====== THE DATA ======
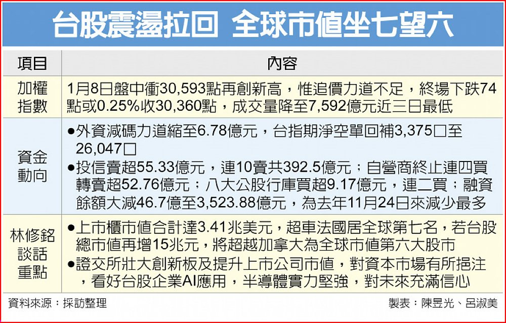台積電帶著台股急漲,近兩日陷入修正,林修銘出席證交所新春記者會時表示,新年開盤以來屢創新高,目前上市櫃市值合計已達3.41兆美元,正式超車法國成為第七名,預估只要再衝高15兆元,就可超越加拿大,成全球市值第六大股市。
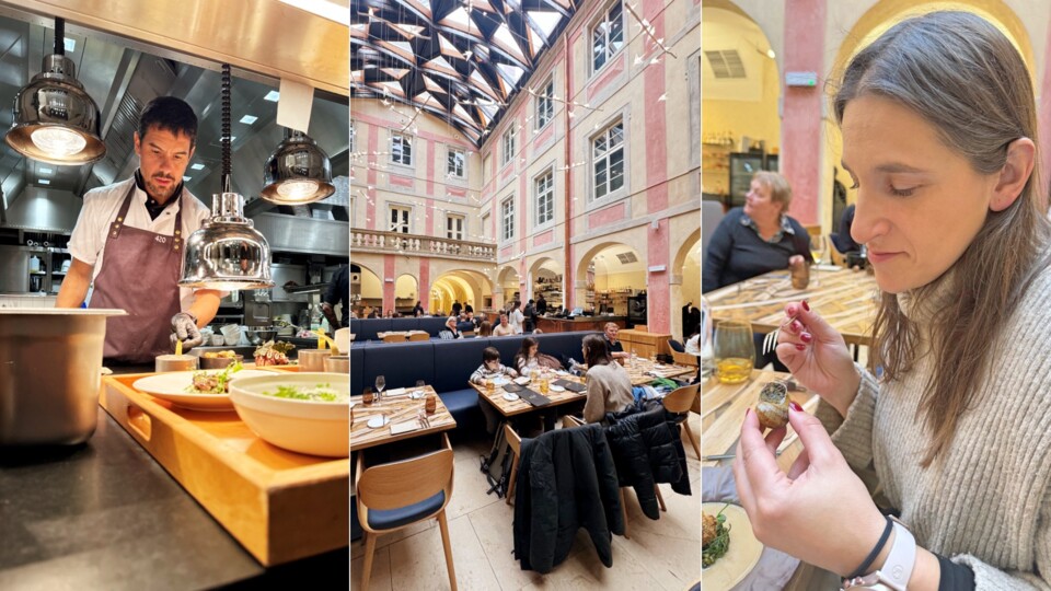 O 420 restaurant, com uma localização privilegiada mesmo em frente ao Orloj, aposta em combinações inesperadas e pratos visualmente impressionantes, numa sala muito bonita cheia de luz natural O spaetzle com queijo bryndza defumado e pipoca de trigo-sarraceno surpreende pela textura e pelo equilíbrio entre o cremoso e o crocante.
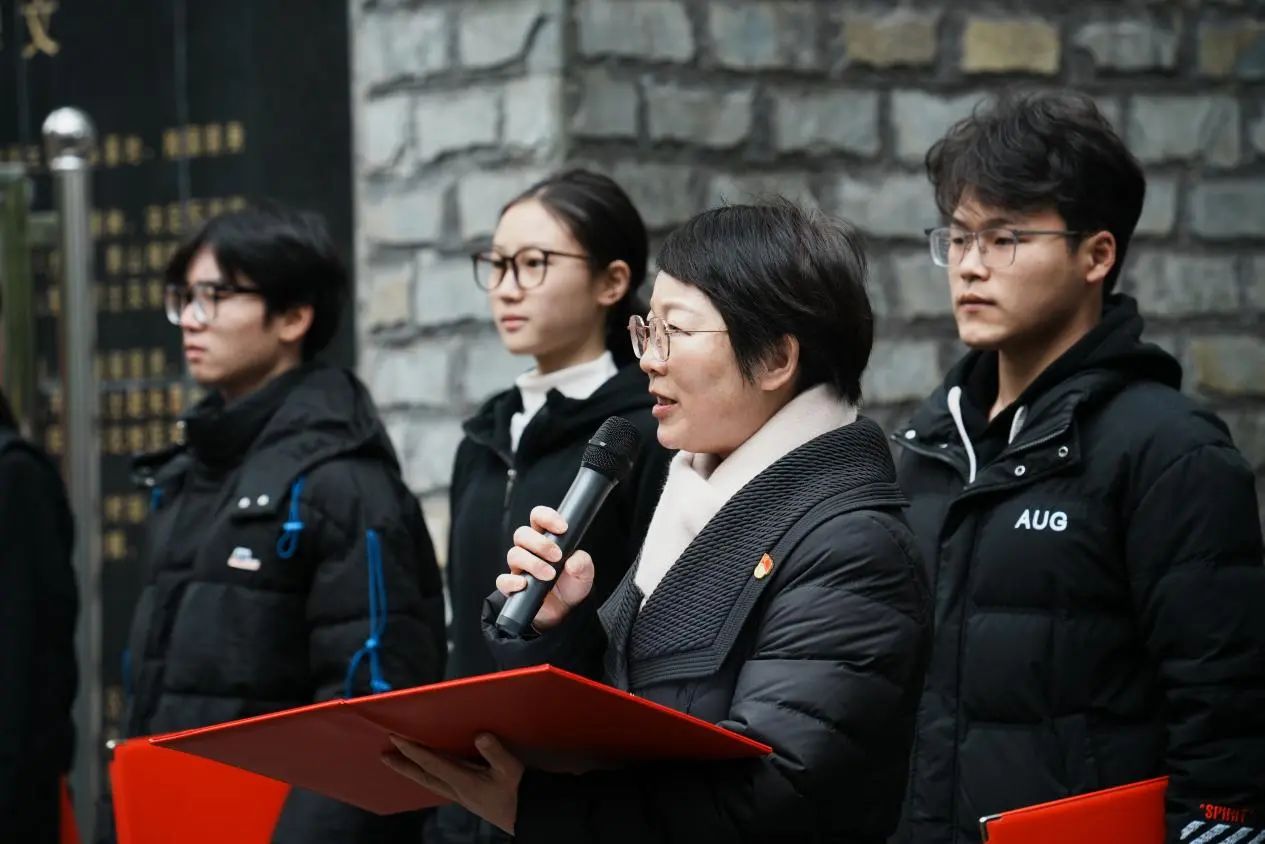 令狐彩桃带领学生代表深情朗诵诗歌《清明》,表达对革命先烈的无限敬仰。全体党员依次向纪念碑敬献花篮和鲜花,寄托哀思,告慰先烈英灵。面对鲜红的党旗,令狐彩桃带领全体党员重温入党誓词。
======
**TASK DIRECTIONS:** Leave the pictures out and return the rest of the listing exactly.

**SOLUTION FOR THIS TASK:**
台積電帶著台股急漲,近兩日陷入修正,林修銘出席證交所新春記者會時表示,新年開盤以來屢創新高,目前上市櫃市值合計已達3.41兆美元,正式超車法國成為第七名,預估只要再衝高15兆元,就可超越加拿大,成全球市值第六大股市。
 O 420 restaurant, com uma localização privilegiada mesmo em frente ao Orloj, aposta em combinações inesperadas e pratos visualmente impressionantes, numa sala muito bonita cheia de luz natural O spaetzle com queijo bryndza defumado e pipoca de trigo-sarraceno surpreende pela textura e pelo equilíbrio entre o cremoso e o crocante.
 令狐彩桃带领学生代表深情朗诵诗歌《清明》,表达对革命先烈的无限敬仰。全体党员依次向纪念碑敬献花篮和鲜花,寄托哀思,告慰先烈英灵。面对鲜红的党旗,令狐彩桃带领全体党员重温入党誓词。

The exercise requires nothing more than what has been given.